Oversight of Riverhead’s municipal garage, which had been operating under the supervision of former chief of staff Larry Levy since 2016, would be shifted to the highway superintendent under a plan being considered by the town board.
The board is proposing to increase the highway superintendent’s annual salary by $20,000 to compensate him for the extra duties and responsibility. The highway superintendent salary is currently $ 94,803 per year. Because the salary of the highway superintendent, as an elected official, is set by local law, the town board will hold a public hearing on March 6 at 2:15 p.m. on a proposed local law to increase his salary for 2018 by $20,000, to be prorated from the date of enactment.
The town garage lost its department head with the retirement of John Reeve in December 2014. Reeve, who also ran the town’s sanitation department, earned more than $97,000 per year at the time of his retirement. As a cost-saving measure, the town board decided against replacing Reeve and instead parceled out his duties to the engineering and buildings and grounds departments. Some employees were promoted and others were given raises or stipends for taking on the extra duties.
After an internal audit committee report in early 2016 detailed multiple managerial control and oversight problems over the course of an audit done in the prior year, the town board promoted one of the four mechanics at the garage to a supervisory position and Levy was put in charge of department oversight. Levy’s employment was terminated in December at the end of former supervisor Sean Walter’s administration, leaving the municipal garage once again without an administrator. It has since been back under the supervision of the engineering department.

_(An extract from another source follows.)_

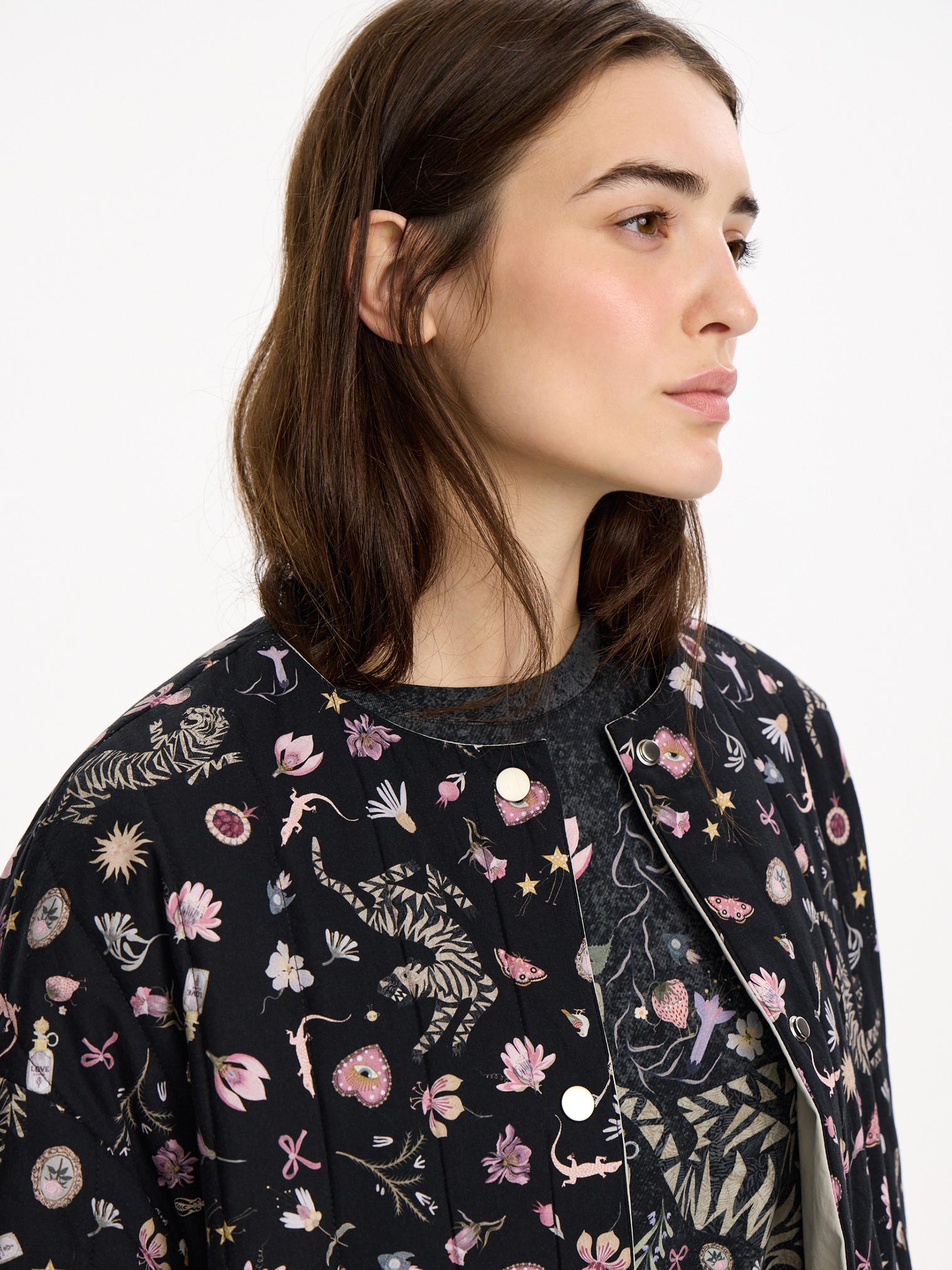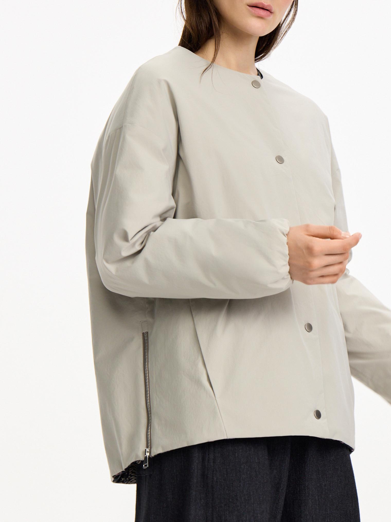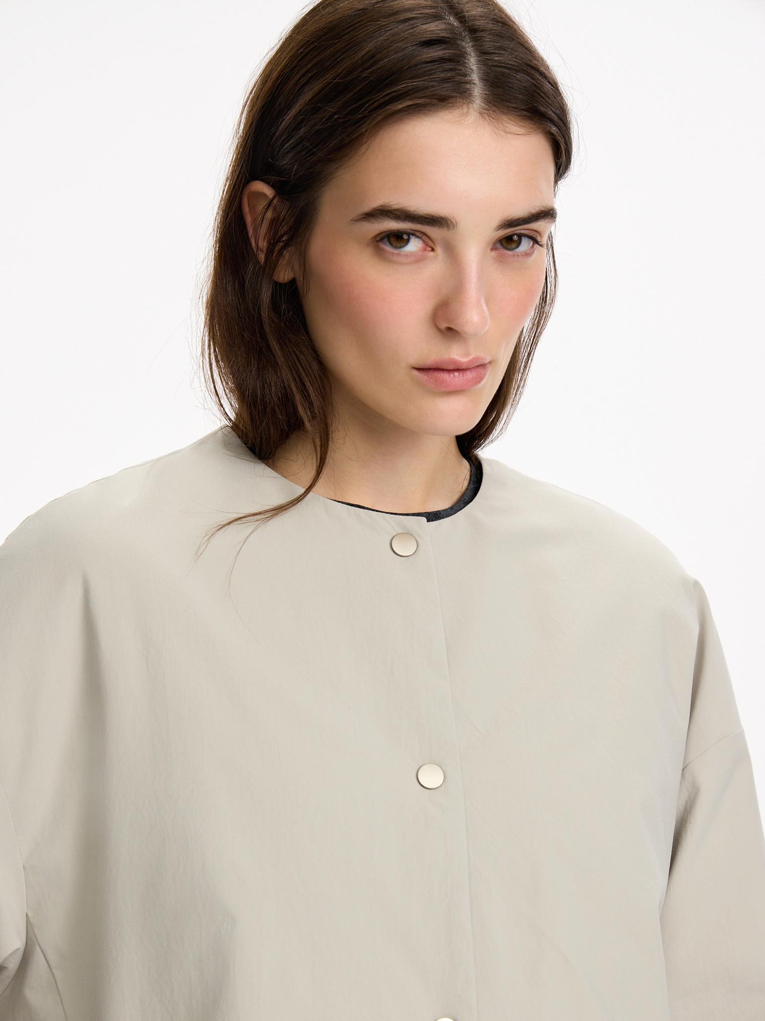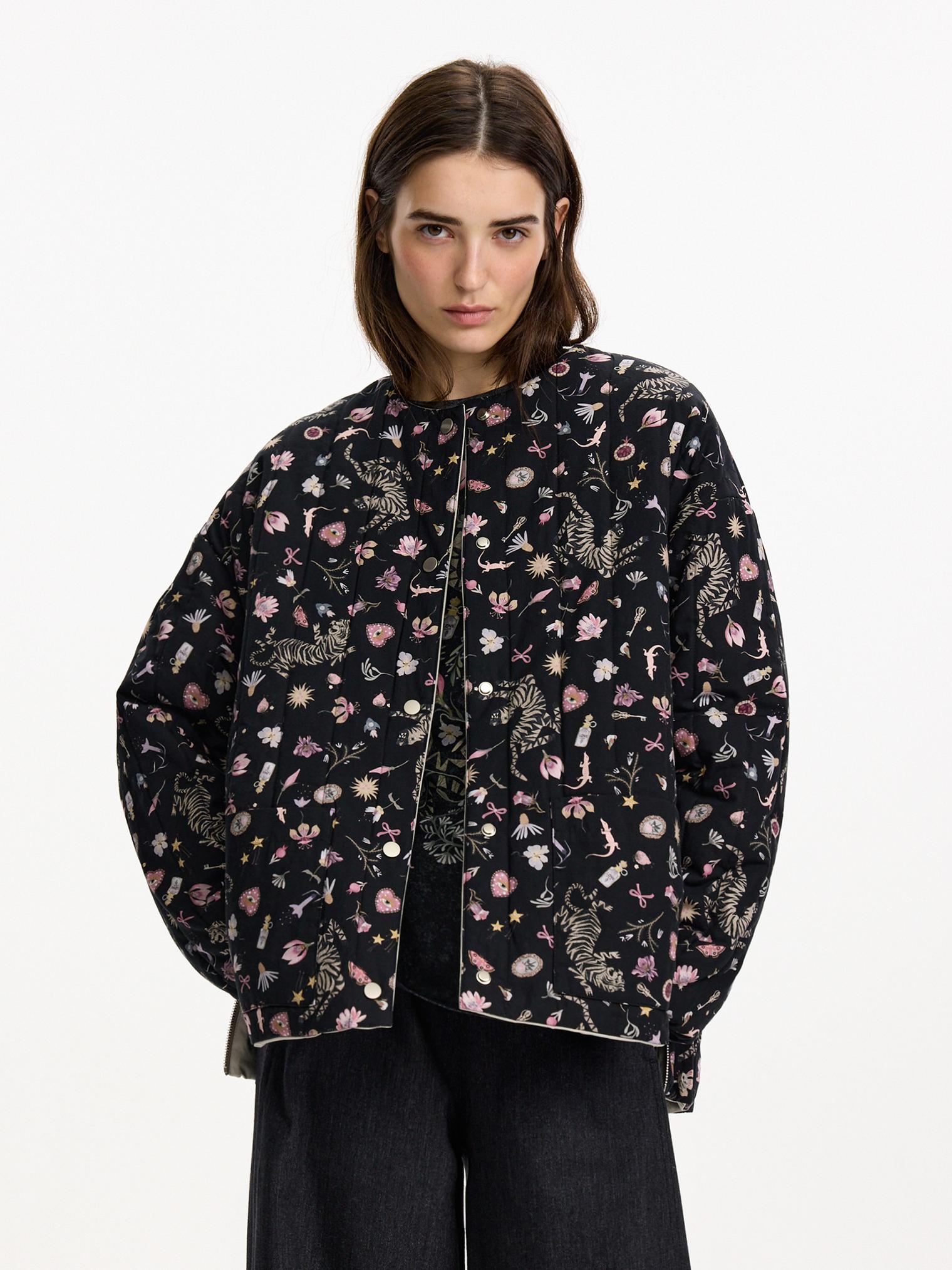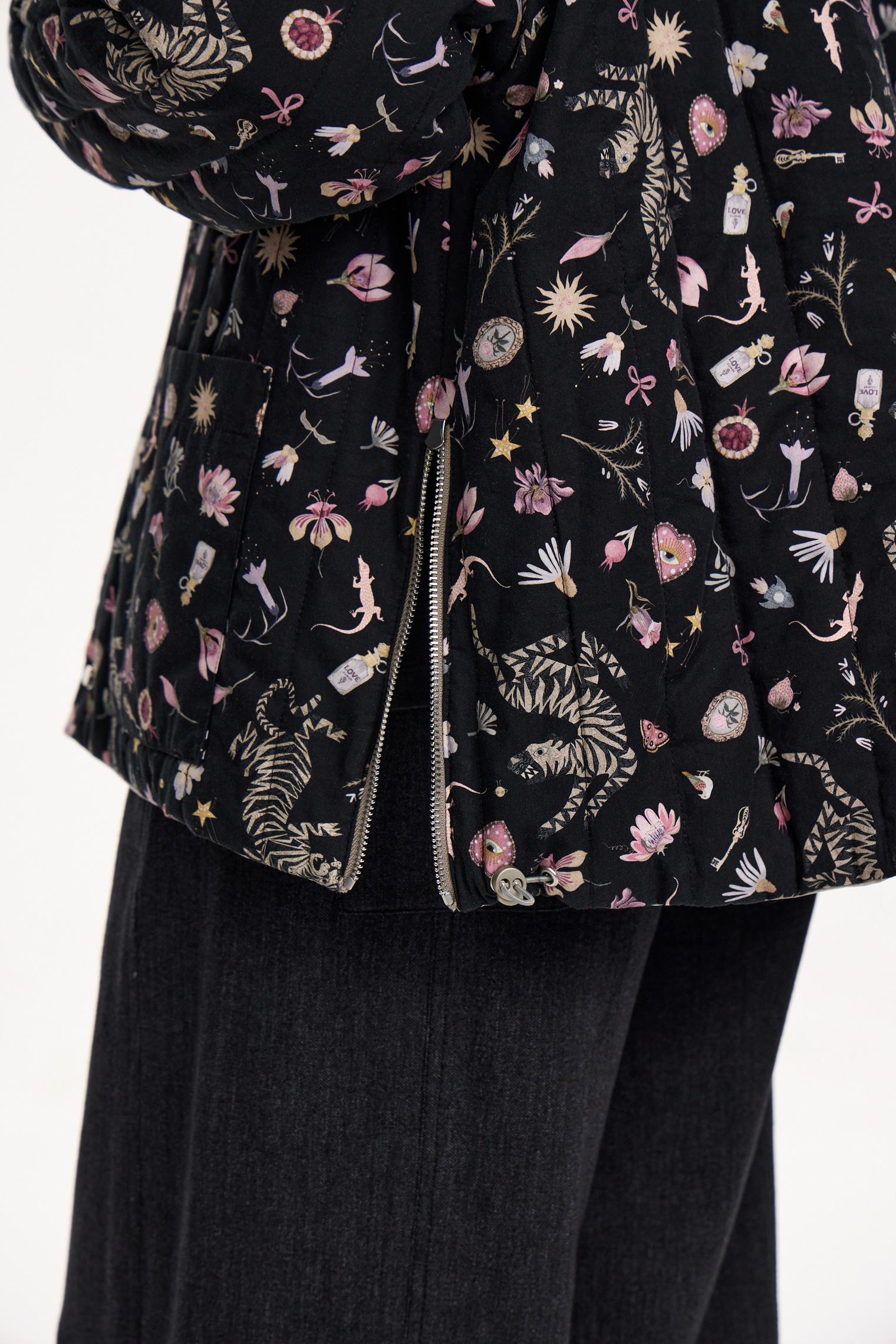 Новая модель двусторонней куртки объемного кроя на кнопках влюбляет в себя с первого взгляда. Внешняя сторона выполнена из курточной ткани с эффектом варки и водоотталкивающими свойствами. Внутренняя сторона из принтованного хлопка согревает и удерживает тепло. Советуем сочетать ее с капюшоном из капсулы Мартивские тигры.

The municipal garage is responsible for the repair and maintenance of the town’s fleet of vehicles, including police vehicles. The facility is located on a site adjacent to the highway department, which has its own garage and staff of mechanics who maintain and repair highway department vehicles.
Since Reeve’s retirement, Woodson has said he could absorb the duties of running the town garage, but the board chose another course. Woodson says he is able to provide the kind of hands-on oversight the facility requires, something that neither Levy nor the town engineer were able to do.
“I’m right here,” he said in an interview. “I’m mechanically inclined and I already oversee a staff of mechanics. It makes sense.” Woodson said.
“I have ideas for upgrading the department and actually making some money for the town,” he said, citing the opportunity to perform contract work for the county as one idea.
Councilwoman Jodi Giglio voted no on the resolution scheduling a hearing on the proposed pay increase for the highway superintendent. She said she is not opposed to paying the highway superintendent the extra money for the additional work, but argued that it should be paid as a stipend, not as a salary increase, so that it wouldn’t be a permanent hike. The resolution setting the March 6 hearing passed 4-1.
Supervisor Laura Jens-Smith advocated for shifting responsibility for the town garage to the highway superintendent in her 2015 and 2017 campaigns.
If adopted, the local law authorizing the highway superintendent’s salary increase would be subject to a permissive referendum, meaning taxpayers could, by petition, force a public vote on the proposal.
Editor’s note: This article originally omitted the fact that the garage has been under the supervision of the town engineer since January.